We can start by not calling them 'songs'


----------



## humanbean (Mar 5, 2011)

Yes, unfortunately there is a hundred different ways to name a classical track, yet no universal standard. Surprisingly, there isn't even a good index of classical works on the web yet. I'd once considered creating a wiki-style directory for ALL classical works, including a standardized scheme that would be helpful for obsessive taggers like myself. I even got quite far in programming the backend, but never finished it. I might take that up again if there is enough interest.
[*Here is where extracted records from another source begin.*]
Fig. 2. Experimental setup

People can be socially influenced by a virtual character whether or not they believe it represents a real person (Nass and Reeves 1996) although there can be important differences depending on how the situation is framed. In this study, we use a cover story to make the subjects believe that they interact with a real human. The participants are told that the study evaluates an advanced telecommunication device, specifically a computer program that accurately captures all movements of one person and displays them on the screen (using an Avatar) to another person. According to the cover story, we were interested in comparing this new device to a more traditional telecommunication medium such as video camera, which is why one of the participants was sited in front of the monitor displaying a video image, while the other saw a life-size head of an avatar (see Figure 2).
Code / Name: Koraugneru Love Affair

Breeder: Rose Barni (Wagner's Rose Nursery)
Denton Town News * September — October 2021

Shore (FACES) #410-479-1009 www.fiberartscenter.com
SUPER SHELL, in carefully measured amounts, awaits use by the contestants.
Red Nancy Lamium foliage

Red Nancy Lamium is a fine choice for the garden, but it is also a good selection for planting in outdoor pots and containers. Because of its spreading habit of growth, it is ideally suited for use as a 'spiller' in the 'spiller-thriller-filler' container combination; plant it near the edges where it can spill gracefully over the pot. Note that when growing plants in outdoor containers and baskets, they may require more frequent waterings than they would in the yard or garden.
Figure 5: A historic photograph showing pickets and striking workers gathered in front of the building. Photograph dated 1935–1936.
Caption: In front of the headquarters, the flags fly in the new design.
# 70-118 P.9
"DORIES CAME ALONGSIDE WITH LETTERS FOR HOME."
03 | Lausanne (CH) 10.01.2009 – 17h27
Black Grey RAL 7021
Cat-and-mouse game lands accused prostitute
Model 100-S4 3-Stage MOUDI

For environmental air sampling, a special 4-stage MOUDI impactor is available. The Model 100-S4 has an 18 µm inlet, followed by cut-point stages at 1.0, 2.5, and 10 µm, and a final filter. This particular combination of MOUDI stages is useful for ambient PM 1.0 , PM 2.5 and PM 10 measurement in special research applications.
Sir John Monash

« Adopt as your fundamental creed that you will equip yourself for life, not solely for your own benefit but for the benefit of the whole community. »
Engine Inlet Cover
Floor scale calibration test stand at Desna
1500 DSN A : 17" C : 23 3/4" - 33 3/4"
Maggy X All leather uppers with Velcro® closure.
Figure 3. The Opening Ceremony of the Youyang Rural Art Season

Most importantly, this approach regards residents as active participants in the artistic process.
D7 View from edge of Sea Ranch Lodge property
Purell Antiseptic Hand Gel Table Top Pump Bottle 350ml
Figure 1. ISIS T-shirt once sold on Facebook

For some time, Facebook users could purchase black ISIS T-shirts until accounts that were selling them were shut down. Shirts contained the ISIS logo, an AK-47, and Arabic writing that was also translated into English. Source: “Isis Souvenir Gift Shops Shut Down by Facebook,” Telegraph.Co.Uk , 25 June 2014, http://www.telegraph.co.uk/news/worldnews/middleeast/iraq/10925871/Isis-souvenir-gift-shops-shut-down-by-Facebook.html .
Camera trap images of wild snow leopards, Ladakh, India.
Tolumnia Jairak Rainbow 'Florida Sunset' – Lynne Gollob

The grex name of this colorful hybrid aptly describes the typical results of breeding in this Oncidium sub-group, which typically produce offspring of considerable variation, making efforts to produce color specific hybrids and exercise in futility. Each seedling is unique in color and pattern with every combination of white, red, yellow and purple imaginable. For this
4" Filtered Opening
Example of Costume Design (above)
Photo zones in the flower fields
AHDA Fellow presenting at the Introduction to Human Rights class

But for now, I would suggest checking out the Classical Style Guide on Musicbrainz, or take the tags off of Allmusic, which uses it's own standards for naming tracks. The latter is very helpful if you don't have the time to figure out the CSG for every track.


----------



## neoshredder (Nov 7, 2011)

Vivaldi is the beginning and the end. But yeah this looks like spam.


----------



## Jeremy Marchant (Mar 11, 2010)

neoshredder said:


> ... But yeah this looks like spam.


A bit harsh.

Distinguish between the whole work and individudal movements of it.
So *Concerto in G minor, RV 439, "La Notte"* is the widely accepted title of work. The RV number uniquely identifes it, so the key signature and nickname are actually irrelevent, but people generally don't remember RV numbers.

"for alto recorder, violin I & II, bassoon, basso continuo" does not constitute any part of the title but it is some interesting information about the piece of music (the "violin I & II" is a bit precious: "two violins" would do).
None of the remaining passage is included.